___ EXERCISE DATA ___
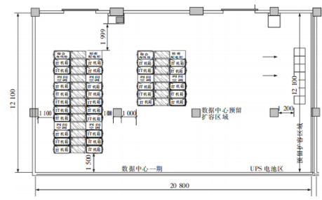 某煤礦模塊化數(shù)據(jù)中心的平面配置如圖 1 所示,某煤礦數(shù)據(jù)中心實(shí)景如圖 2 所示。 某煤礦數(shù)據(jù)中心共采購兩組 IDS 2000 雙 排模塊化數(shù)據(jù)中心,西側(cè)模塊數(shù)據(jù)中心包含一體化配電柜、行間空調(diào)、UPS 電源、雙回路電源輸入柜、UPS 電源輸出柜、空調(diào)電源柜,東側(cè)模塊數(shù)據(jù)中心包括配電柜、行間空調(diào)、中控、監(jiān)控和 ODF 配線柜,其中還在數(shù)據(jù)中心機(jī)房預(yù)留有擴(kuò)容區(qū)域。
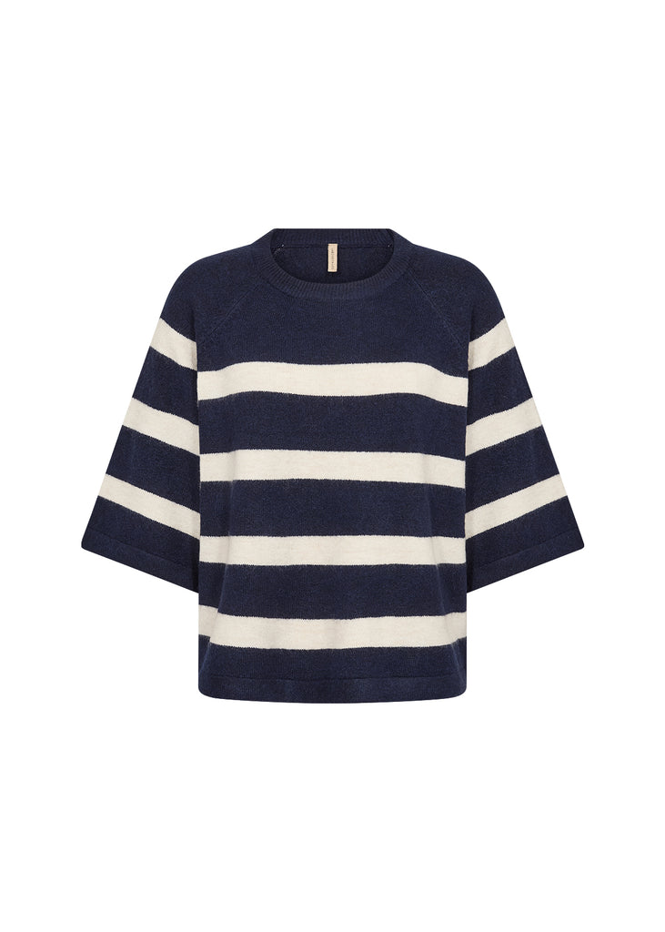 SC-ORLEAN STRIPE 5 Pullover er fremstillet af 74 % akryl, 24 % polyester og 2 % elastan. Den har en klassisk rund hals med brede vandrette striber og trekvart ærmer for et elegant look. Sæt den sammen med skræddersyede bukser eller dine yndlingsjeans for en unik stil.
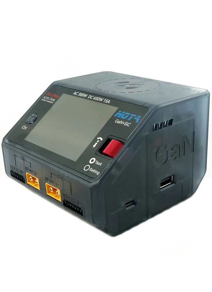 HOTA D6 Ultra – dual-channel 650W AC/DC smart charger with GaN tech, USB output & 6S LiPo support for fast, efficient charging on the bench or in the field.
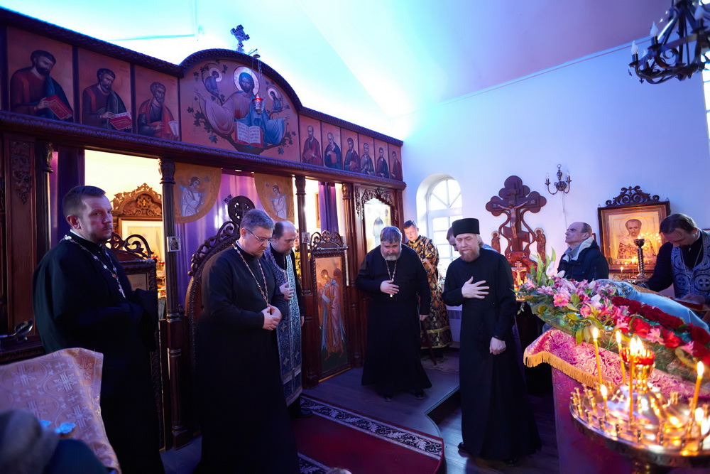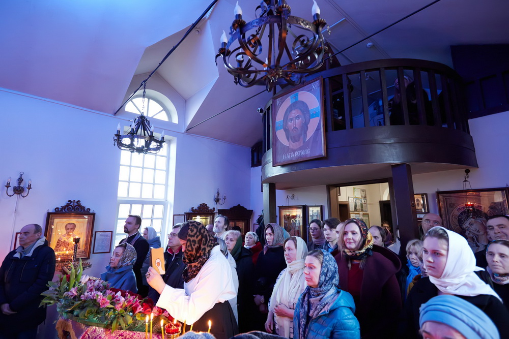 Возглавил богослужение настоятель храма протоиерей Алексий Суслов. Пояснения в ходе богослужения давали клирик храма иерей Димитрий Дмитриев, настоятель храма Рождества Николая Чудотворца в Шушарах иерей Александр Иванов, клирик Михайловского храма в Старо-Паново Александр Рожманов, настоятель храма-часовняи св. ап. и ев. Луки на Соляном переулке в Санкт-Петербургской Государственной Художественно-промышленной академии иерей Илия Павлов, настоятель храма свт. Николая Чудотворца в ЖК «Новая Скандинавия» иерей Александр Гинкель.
___
___ EXERCISE DATA ___
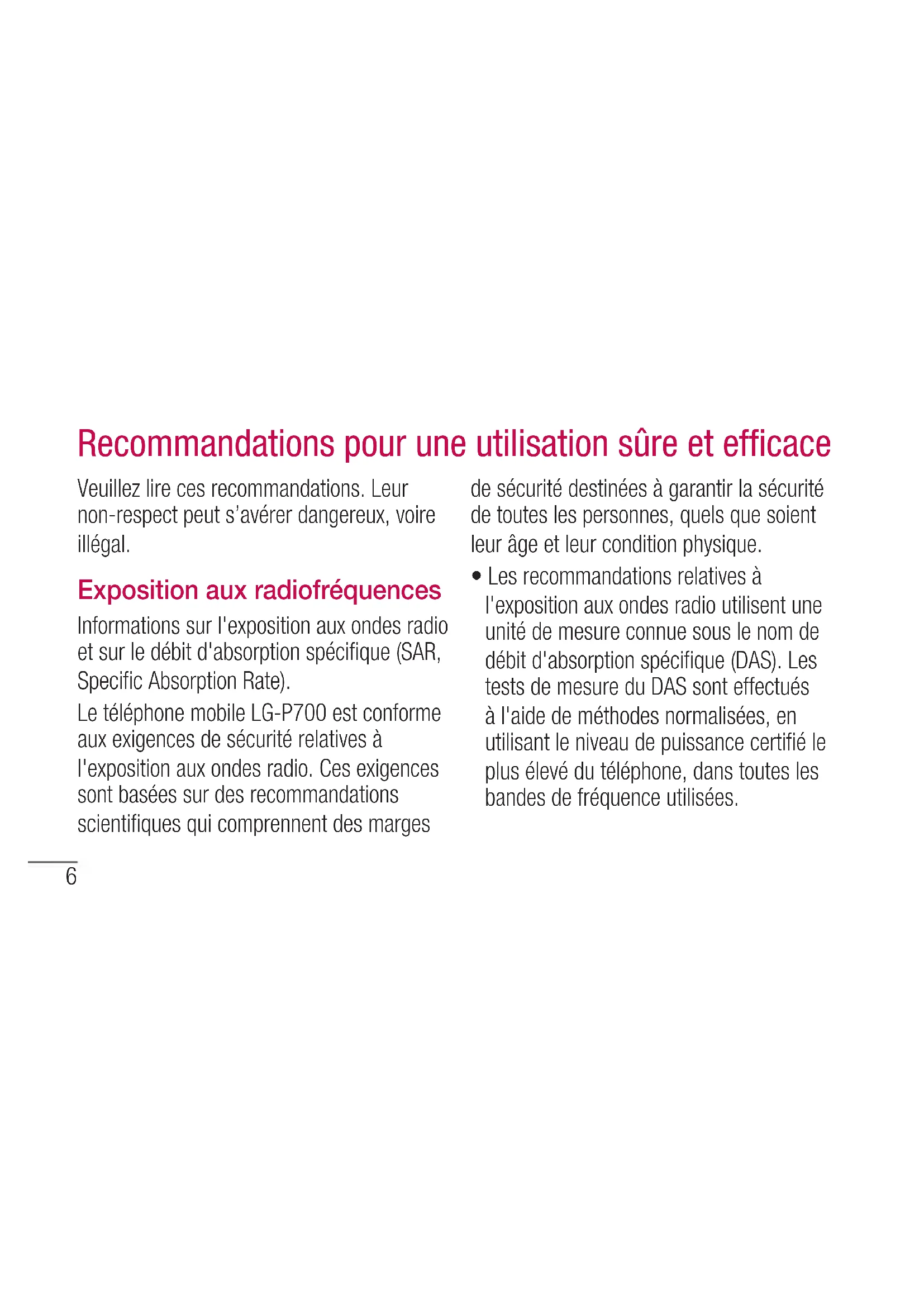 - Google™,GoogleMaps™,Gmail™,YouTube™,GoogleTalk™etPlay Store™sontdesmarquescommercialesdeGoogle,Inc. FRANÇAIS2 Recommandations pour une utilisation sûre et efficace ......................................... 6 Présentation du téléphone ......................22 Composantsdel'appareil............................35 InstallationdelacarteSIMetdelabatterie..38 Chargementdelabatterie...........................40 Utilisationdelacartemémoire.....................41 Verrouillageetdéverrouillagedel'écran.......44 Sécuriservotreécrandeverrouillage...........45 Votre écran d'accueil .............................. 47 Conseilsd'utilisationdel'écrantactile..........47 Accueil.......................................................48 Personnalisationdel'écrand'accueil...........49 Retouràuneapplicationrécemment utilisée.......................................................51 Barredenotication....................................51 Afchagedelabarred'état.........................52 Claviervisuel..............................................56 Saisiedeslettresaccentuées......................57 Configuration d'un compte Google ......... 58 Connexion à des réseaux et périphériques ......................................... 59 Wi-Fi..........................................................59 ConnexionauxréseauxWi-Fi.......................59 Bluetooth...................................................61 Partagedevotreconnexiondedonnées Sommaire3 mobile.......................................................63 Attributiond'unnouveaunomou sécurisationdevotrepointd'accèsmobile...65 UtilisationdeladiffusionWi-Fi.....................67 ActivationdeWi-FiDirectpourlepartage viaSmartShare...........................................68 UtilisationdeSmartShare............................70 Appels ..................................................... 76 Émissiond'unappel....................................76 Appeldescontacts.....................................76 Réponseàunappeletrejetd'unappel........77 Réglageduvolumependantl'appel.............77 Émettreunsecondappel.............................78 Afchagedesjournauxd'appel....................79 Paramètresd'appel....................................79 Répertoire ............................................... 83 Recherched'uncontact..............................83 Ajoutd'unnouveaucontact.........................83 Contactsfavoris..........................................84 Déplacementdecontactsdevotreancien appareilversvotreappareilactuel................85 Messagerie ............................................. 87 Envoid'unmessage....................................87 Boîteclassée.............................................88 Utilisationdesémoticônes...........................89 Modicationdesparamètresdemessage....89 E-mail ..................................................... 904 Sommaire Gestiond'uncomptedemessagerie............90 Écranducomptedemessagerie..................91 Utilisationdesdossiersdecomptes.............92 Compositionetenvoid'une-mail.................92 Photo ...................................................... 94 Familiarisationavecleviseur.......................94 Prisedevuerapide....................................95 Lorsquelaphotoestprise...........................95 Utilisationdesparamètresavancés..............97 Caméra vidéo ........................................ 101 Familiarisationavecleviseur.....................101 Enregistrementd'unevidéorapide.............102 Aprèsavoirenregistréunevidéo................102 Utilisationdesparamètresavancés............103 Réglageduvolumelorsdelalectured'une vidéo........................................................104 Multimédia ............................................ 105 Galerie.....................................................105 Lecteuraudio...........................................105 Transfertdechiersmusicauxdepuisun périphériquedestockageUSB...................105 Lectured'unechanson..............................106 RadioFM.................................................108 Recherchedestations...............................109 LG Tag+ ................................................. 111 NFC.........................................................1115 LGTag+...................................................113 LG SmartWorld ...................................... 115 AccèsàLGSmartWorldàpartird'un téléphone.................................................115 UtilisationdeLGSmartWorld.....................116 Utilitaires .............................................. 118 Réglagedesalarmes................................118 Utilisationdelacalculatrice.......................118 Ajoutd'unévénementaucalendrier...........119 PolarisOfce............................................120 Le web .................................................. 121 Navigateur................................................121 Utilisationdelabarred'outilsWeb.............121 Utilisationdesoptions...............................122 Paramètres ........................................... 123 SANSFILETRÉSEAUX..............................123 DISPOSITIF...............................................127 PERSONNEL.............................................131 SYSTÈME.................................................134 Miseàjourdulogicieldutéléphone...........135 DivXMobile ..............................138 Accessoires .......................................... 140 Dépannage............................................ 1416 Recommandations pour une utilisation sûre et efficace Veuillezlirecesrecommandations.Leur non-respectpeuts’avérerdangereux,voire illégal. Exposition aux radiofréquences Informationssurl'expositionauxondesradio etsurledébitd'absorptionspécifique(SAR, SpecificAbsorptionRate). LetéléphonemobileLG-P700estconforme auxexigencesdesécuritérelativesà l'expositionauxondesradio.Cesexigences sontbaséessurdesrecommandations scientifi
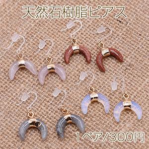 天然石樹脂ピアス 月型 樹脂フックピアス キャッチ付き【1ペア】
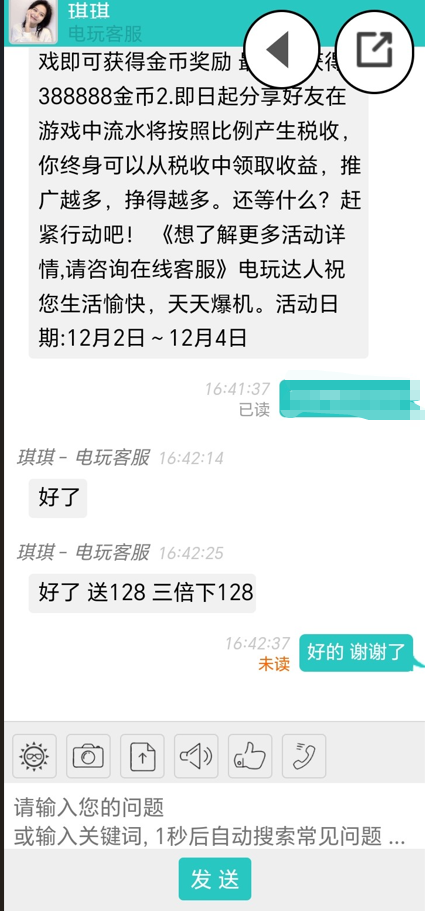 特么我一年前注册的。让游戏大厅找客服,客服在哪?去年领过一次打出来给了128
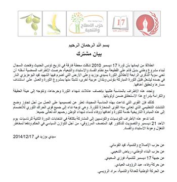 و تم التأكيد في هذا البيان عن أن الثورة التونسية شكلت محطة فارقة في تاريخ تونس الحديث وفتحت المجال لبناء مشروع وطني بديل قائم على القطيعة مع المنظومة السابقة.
___
→ **EXERCISE OBJECTIVE**
Reproduce, word for word, only the lines in the records above from the line with "天然石樹脂ピアス 月型 樹脂フックピアス キャッチ付き【1ペア】" through the line with "و تم التأكيد", including both ends; omit the pictures.

→ **RESPONSE TO THE TASK**
 天然石樹脂ピアス 月型 樹脂フックピアス キャッチ付き【1ペア】
 特么我一年前注册的。让游戏大厅找客服,客服在哪?去年领过一次打出来给了128
 و تم التأكيد في هذا البيان عن أن الثورة التونسية شكلت محطة فارقة في تاريخ تونس الحديث وفتحت المجال لبناء مشروع وطني بديل قائم على القطيعة مع المنظومة السابقة.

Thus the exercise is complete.